TENNESSEE – Parents and community members in Shelby and Davidson Counties who are challenging the constitutionality of the Tennessee Education Savings Account (ESA) voucher law filed a motion Friday asking the Chancery Court for Davidson County to halt implementation of the program before the state begins diverting taxpayer funds to private schools.

The motion asks the court to stop implementation of the law — which applies only to students living in those counties — that would illegally siphon much-needed taxpayer funds away from their public schools.

Although Tennessee’s voucher program was originally slated to begin in the 2021-2022 school year, Governor Bill Lee’s administration has rushed to distribute private school vouchers in the fall of 2020, despite the ongoing COVID-19 pandemic, which caused hundreds of millions to be slashed from education funding in the emergency budget passed by the state legislature in March.

Shelby County Schools and Metro Nashville Public Schools were already underfunded before the COVID-19 pandemic. The current crisis will only increase the need for funding and resources in these schools.

“Schools throughout Tennessee have been chronically underfunded for years. Diverting money to pay for private school vouchers in Shelby County and Nashville is not going to solve this problem, and will only exacerbate the challenges these districts face to provide all students with a quality education,” said Chris Wood, partner at Robbins Geller Rudman & Dowd LLP, which has joined with the ACLU of Tennessee, the Southern Poverty Law Center, and Education Law Center to represent the plaintiffs in the lawsuit. Southern Poverty Law Center and Education Law Center collaborate on the national Public Funds Public Schools campaign.

The lawsuit challenging the ESA voucher program, McEwen v. Lee, was filed last month. It charges that the law violates several provisions of the state’s constitution and laws.

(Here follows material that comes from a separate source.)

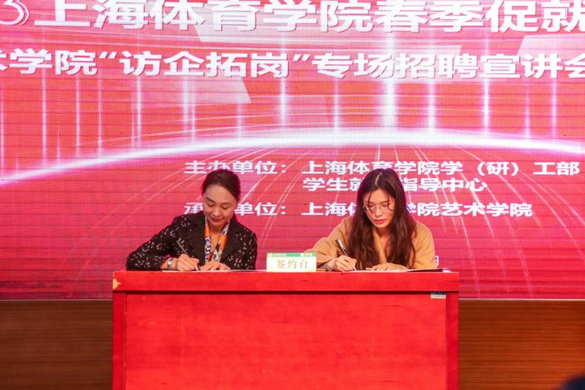 本次招聘会上海体育学院艺术学院与巅峰减重、上海纳纳科技有限公司、北京锋铄体育科技有限公司等3家代表企业签约共建教育实习实践就业基地。上海体育学院艺术学院副院长(主持工作)韩春英与企业负责人签署协议。

The temporary injunction motion filed Friday asserts that the voucher program violates the Tennessee Constitution’s “Home Rule” provision, which prohibits the General Assembly from passing laws that apply only to certain counties. In this case, the voucher program will be instituted only in Shelby and Davidson counties. Because the legislature failed to appropriate funding for the first year of the law’s implementation, yet paid over $1 million to a private company for its administration using funds from an unrelated program, the voucher law also violates constitutional and statutory requirements governing appropriation of public money.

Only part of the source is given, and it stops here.